The method requires a reference to a non-empty array of text units (typically words) as argument.
Units should be in the text's order, since some measures (e.g. MTLD) take it into account. Specific measures may set conditions on the minimal or maximal number of units and raise exceptions when these conditions are not met (see subroutine
_validate_size()
in Lingua::Diversity::Internals).The Lingua::Diversity::Utils module contained within this distribution provides tools for helping with the creation of the array of units.
- measure_per_category()
-
Apply the selected diversity measure per category and return the result in a new Lingua::Diversity::Result object. For instance, units might be wordforms and categories might be lemmas, so that the result would correspond to the diversity of wordforms per lemma (i.e. an estimate of the text's morphological diversity).
Units should be in the text's order, since some measures (e.g. MTLD) take it into account. Specific measures may set conditions on the minimal or maximal number of units and raise exceptions when these conditions are not met (see subroutine
_validate_size()
in Lingua::Diversity::Internals).
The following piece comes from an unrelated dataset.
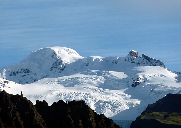 Hvannadalshnúkur im Vulkanmassiv des Öræfajökull, mit 2.110 m ü. M. der höchste Gipfel von Island

There should be the same number of items in the unit and category array.The Lingua::Diversity::Utils module contained within this distribution provides tools for helping with the creation of the array of units and lemmas.
DIAGNOSTICS
- Call to abstract method CLASS::METHOD
-
This exception is raised when either method
measure()
or methodmeasure_per_category()
is called while it is not supported by the selected measure.
CONFIGURATION AND ENVIRONMENT
Some subroutines in module Lingua::Diversity::Utils require a working version of TreeTagger (available at http://www.ims.uni-stuttgart.de/projekte/corplex/TreeTagger).
DEPENDENCIES
This is the base module of the Lingua::Diversity distribution, which comprises modules Lingua::Diversity::Result, Lingua::Diversity::Utils, Lingua::Diversity::Internals, Lingua::Diversity::X, and Lingua::Diversity::MTLD.
The Lingua::Diversity distribution uses CPAN modules Moose, Exception::Class, and optionally Lingua::TreeTagger.
BUGS AND LIMITATIONS
There are no known bugs in this module.
Please report problems to Aris Xanthos (aris.xanthos@unil.ch)
Patches are welcome.
AUTHOR
Aris Xanthos (aris.xanthos@unil.ch)
LICENSE AND COPYRIGHT
Copyright (c) 2011 Aris Xanthos (aris.xanthos@unil.ch).
This program is released under the GPL license (see http://www.gnu.org/licenses/gpl.html).
This program is distributed in the hope that it will be useful, but WITHOUT ANY WARRANTY; without even the implied warranty of MERCHANTABILITY or FITNESS FOR A PARTICULAR PURPOSE.
SEE ALSO
Lingua::Diversity::MTLD, Lingua::Diversity::Result, Lingua::Diversity::Utils, Lingua::Diversity::Internals, Lingua::Diversity::X, and Lingua::TreeTagger.